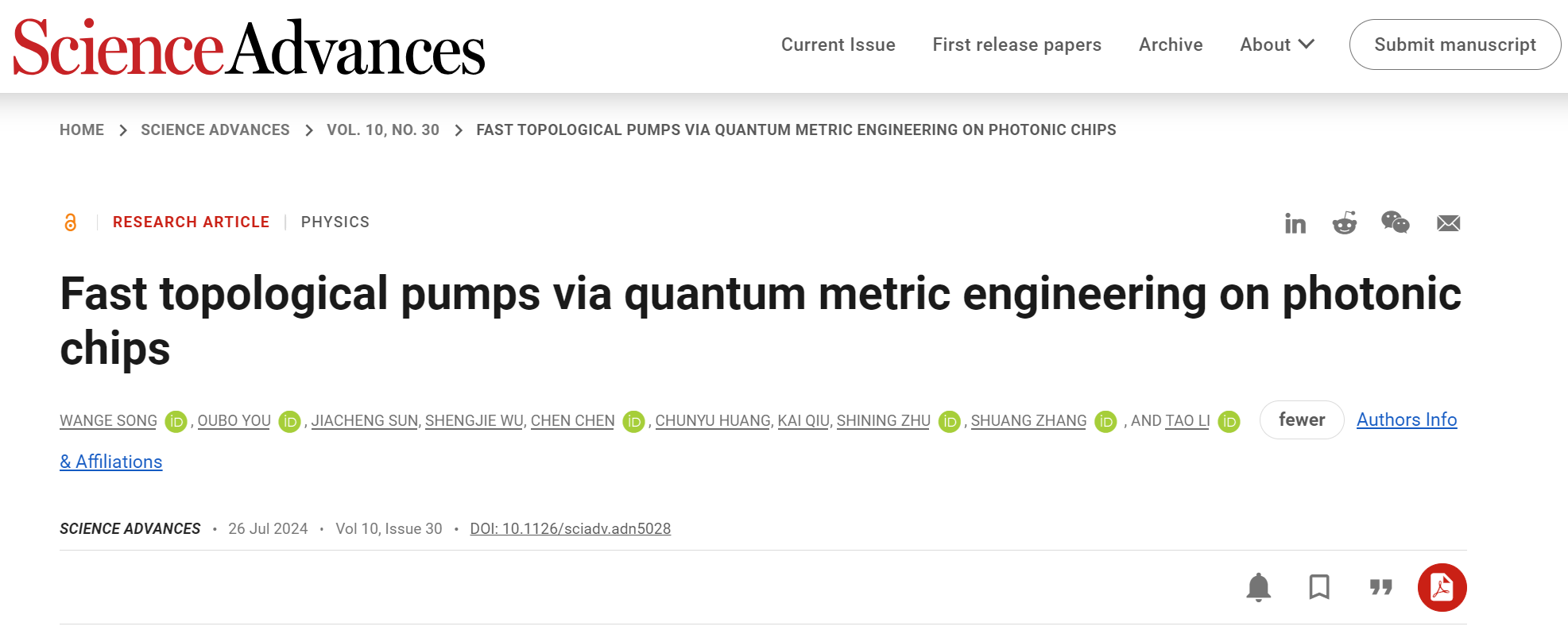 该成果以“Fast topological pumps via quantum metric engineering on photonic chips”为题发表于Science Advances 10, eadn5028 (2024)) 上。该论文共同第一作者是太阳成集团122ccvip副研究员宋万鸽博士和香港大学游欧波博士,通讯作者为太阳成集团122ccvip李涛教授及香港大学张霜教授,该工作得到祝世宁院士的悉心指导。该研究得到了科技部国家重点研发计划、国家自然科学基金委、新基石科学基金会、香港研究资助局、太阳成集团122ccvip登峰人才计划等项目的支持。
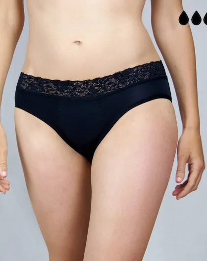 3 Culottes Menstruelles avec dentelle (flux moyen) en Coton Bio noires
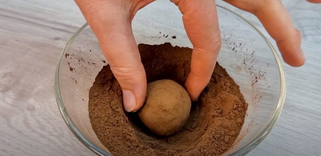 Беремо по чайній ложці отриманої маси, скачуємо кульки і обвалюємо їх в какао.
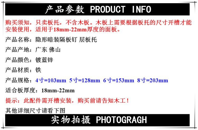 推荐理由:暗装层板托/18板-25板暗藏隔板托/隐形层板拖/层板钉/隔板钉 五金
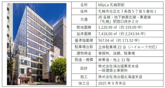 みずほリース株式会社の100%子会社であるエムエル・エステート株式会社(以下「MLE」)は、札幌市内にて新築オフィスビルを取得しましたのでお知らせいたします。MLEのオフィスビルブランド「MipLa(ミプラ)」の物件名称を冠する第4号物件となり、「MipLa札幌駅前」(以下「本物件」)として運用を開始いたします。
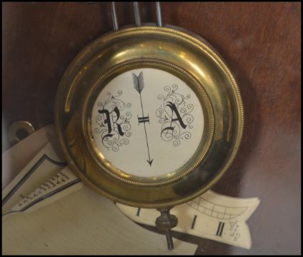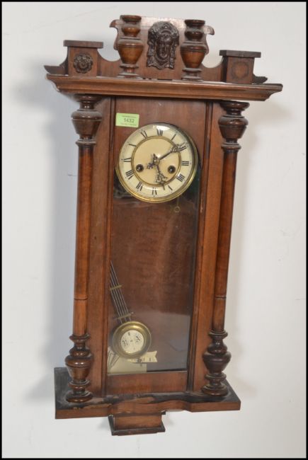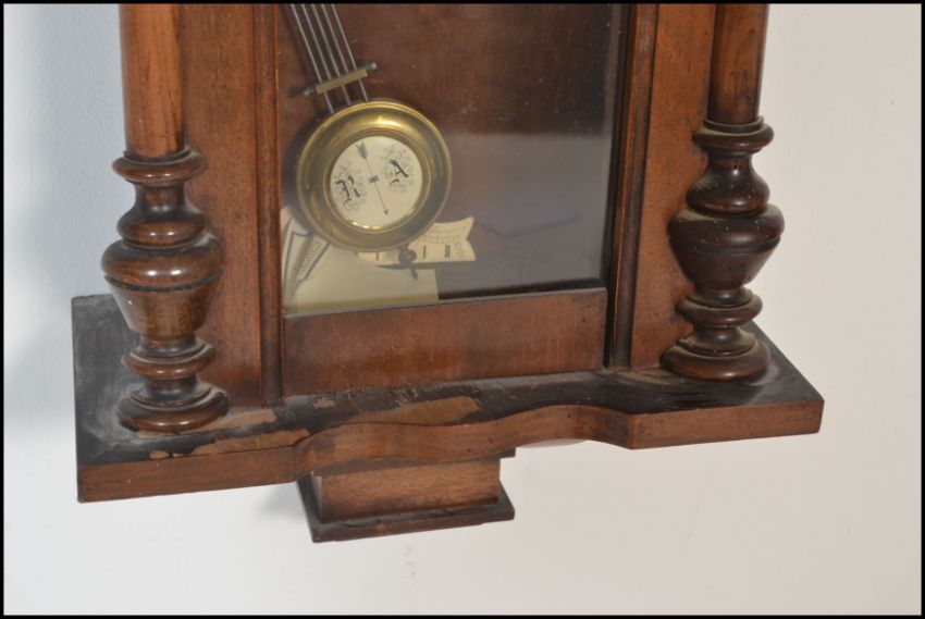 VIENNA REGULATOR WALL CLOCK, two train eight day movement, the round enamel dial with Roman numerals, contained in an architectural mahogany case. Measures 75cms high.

#### [WORK INSTRUCTION]
With the images removed, reproduce all the material above word for word.

#### [SOLUTION FOR THIS EXERCISE]
 该成果以“Fast topological pumps via quantum metric engineering on photonic chips”为题发表于Science Advances 10, eadn5028 (2024)) 上。该论文共同第一作者是太阳成集团122ccvip副研究员宋万鸽博士和香港大学游欧波博士,通讯作者为太阳成集团122ccvip李涛教授及香港大学张霜教授,该工作得到祝世宁院士的悉心指导。该研究得到了科技部国家重点研发计划、国家自然科学基金委、新基石科学基金会、香港研究资助局、太阳成集团122ccvip登峰人才计划等项目的支持。
 3 Culottes Menstruelles avec dentelle (flux moyen) en Coton Bio noires
 Беремо по чайній ложці отриманої маси, скачуємо кульки і обвалюємо їх в какао.
 推荐理由:暗装层板托/18板-25板暗藏隔板托/隐形层板拖/层板钉/隔板钉 五金
 みずほリース株式会社の100%子会社であるエムエル・エステート株式会社(以下「MLE」)は、札幌市内にて新築オフィスビルを取得しましたのでお知らせいたします。MLEのオフィスビルブランド「MipLa(ミプラ)」の物件名称を冠する第4号物件となり、「MipLa札幌駅前」(以下「本物件」)として運用を開始いたします。
 VIENNA REGULATOR WALL CLOCK, two train eight day movement, the round enamel dial with Roman numerals, contained in an architectural mahogany case. Measures 75cms high.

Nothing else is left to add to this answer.